Hyperbaric oxygen as an adjuvant treatment for patients with COVID- 19 severe hypoxaemia: a randomised controlled trial

David Blusztein1,  Diem Dinh2,  Dion Stub3,4,  Luke Dawson1,  Angela Brennan2,  Christopher Reid5,  Karen Smith6,  Ziad Nehme6,  Emily Andrew6,  Stephen Bernard2,4,  Jeffrey Lefkovits1 Correspondence to Dr David Blusztein, The Royal Melbourne Hospital, Melbourne, Victoria, Australia; [email protected]


Background Hyperbaric oxygen (HBO2) therapy has been proposed to treat hypoxaemia and reduce inflammation in COVID-19. Our objective was to analyse safety and efficacy of HBO2 in treatment of hypoxaemia in patients with COVID-19 and evaluate time to hypoxaemia correction.

Methods This was a multicentre, open-label randomised controlled trial conducted in Buenos Aires, Argentina, between July and November 2020. Patients with COVID-19 and severe hypoxaemia (SpO2 ≤90% despite oxygen supplementation) were assigned to receive either HBO2 treatment or the standard treatment for respiratory symptoms for 7 days. HBO2 treatment was planned for ≥5 sessions (1 /day) for 90 min at 1.45 atmosphere absolute (ATA). Outcomes were time to normalise oxygen requirement to SpO2 ≥93%, need for mechanical respiratory assistance, development of acute respiratory distress syndrome and mortality within 30 days. A sample size of 80 patients was estimated, with a planned interim analysis after determining outcomes on 50% of patients.

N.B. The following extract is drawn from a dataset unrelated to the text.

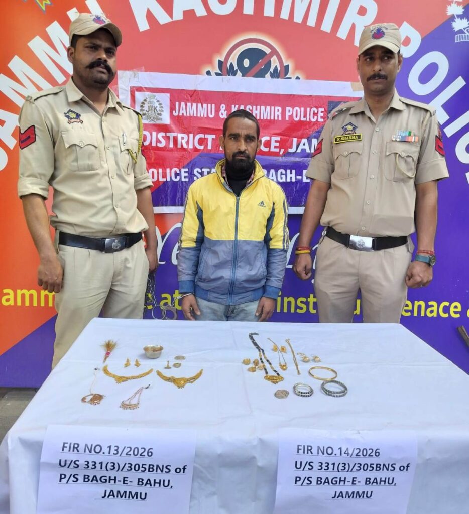 Jammu: Jammu Police, South Zone, successfully solved two theft cases reported on consecutive days at PS Bagh-e-Bahu. The accused were arrested, and stolen gold and silver ornaments worth Rs. 26,75,000 were recovered. The operation was conducted under the overall supervision of SSP Jammu, with close guidance from SP City South, SDPO City East, and the SHO of PS Bagh-e-Bahu, reflecting effective coordination, vigilance, and strategic policing.

Results The trial was stopped after the interim analysis. 40 patients were randomised, 20 in each group, age was 55.2±9.2 years. At admission, frequent symptoms were dyspnoea, fever and odynophagia; SpO2 was 85.1%±4.3% for the whole group. Patients in the treatment group received an average of 6.2±1.2 HBO2 sessions. Time to correct hypoxaemia was shorter in treatment group versus control group; median 3 days (IQR 1.0–4.5) versus median 9 days (IQR 5.5–12.5), respectively (p<0.010). OR for recovery from hypoxaemia in the HBO2 group at day 3 compared with the control group was 23.2 (95% CI 1.6 to 329.6; p=0.001) Treatment had no statistically significant effect on acute respiratory distress syndrome, mechanical ventilation or death within 30 days after admission.

Conclusion Our findings support the safety and efficacy of HBO2 in the treatment of COVID-19 and severe hypoxaemia.